Quick Overview
Following the annexation of Georgia (1801) Russia in 1803 appointed General Paul Tsitsianov as the Commander-in-Chief and Civilian Governor of Georgia, Inspector of the Caucasian Line, and Military Governor of Astrakhan. Having been given such unprecedented authority, Tsitsianov, himself a Russianized Georgian prince, decided to prove himself to the tsar by completely subjugating the kingdom of eastern Georgia and by bringing the various khanates located south of the Caucasus Mountains, which had been nominally under Iranian suzerainty for some three centuries, under Russian authority.

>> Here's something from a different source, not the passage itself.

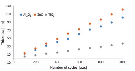 The Al2O3, ZnO, and TiO2 thin films prepared with a number of cycles from 100 to 1000 were measured. Based on the calculated thicknesses, it was possible to designate the average speed of thin-film growth through one ALD cycle. The aluminium oxide is characterised by approximately 0.1 nm per cycle, for zinc oxide it is 0.12 nm, per cycle and for titanium oxide thin film it is 0.035 nm per cycle. Subsequently, AR coating consisting of two thin films with different thickness and composition was obtained using Al2O3 ZnO, and TiO2 materials.

After arresting and exiling most of the Georgian royal family to Russia, Tsitsianov send messages to the khans of the South Caucasus demanding their submission to Russia. Tsitsianov’s intention was to frighten the khans to such an extent that they would turn away from Iran—which, by now had resolved its internal problems and had accepted Fath `Ali Shah Qajar (the nephew of Aqa Mohammad Khan), as the new shah—and seek Russian protection.
After sending numerous threatening messages to a number of khans, Tsitsianov, at the start of 1804, decided to demonstrate the might of the Russian army by laying siege to Ganja. His destruction of Ganja (which he renamed Elisavetpol in honor of Tsar Alexander’s wife), where a large number (3,700) of Muslims, including Javad Khan of Ganja, his son and some of his relatives were killed, triggered the First Russo-Iranian War (1804-1813). Having failed to take Yerevan in 1804, Tsitsianov then tried to intimidate or entice the khans of Karabagh, Kuba, Karabagh, Kuba, Sheki, Shirvan and Baku to submit to Russia. Tsitsianov’s promise of Russian protection, as well as his guarantee that the khans would remain in charge of their domains, convinced the khans of Karabagh, Shirvan and Sheki to come to terms with Russia.
On May 26, 1805 Ebrahim Khan of Karabagh and Tsitsianov signed a treaty by which the khan swore by the Qur’an that he would be loyal to the Russian emperor. On January 6, 1806 Mostafa Khan of Shirvan signed a similar treaty. Although Salim Khan of Sheki had agreed to a similar treaty, the formal treaty was signed by Tsitsianov’s successor General Ivan Gudovich with Ja`far Qoli Khan of Sheki on January 12, 1807. The khans of Karabagh, Sheki and Shirvan were left to administer their own domains, continued to send their annual tribute in gold rubles, as well as hostages to Tiflis, and provide food and lodging for the Russian garrisons. More importantly, the khans remained in charge of appointing officials, collecting taxes or granting tax-exemption, and farming out revenues.
The state of affairs changed dramatically at the end of 1816 with the appointment of General Alexei Yermolov, as the new Commander-in-Chief of Georgia with jurisdiction over the whole of the Caucasus. Yermolov felt that the entire Caucasus and the region south of the Caucasus Mountains must become an integral part of the Russian Empire. He was not only against the continuation of independent or semi-independent khanates or enclaves, but also felt that Russian security in the region depended on the conquest of the khanates of Yerevan and Nakhichevan, with the Aras (Arax) River forming the new boundary between the two states.
When the khan of Sheki, Esma`il, died in 1819, without any direct male heir, Yermolov annexed the khanate. Seeing the writing on the wall, Mostafa Khan of Shirvan fled to Iran in 1820. Yermolov immediately annexed that khanate. When Mahdi Qoli Khan of Karabagh also fled to Iran in 1822 Yermolov annexed the last selfruling khanate as well.
Following the annexation of each khanate, Yermolov commissioned a detailed demographic and economic survey. Only a handful of these surveys, describing the socioeconomic conditions of a former Iranian province in its last year of its existence have survived in the archives of Russia, Armenia, Georgia and Azerbaijan.
The first volume of this series is an English translation, with an introduction, annotations and commentary of the first survey, that of Sheki.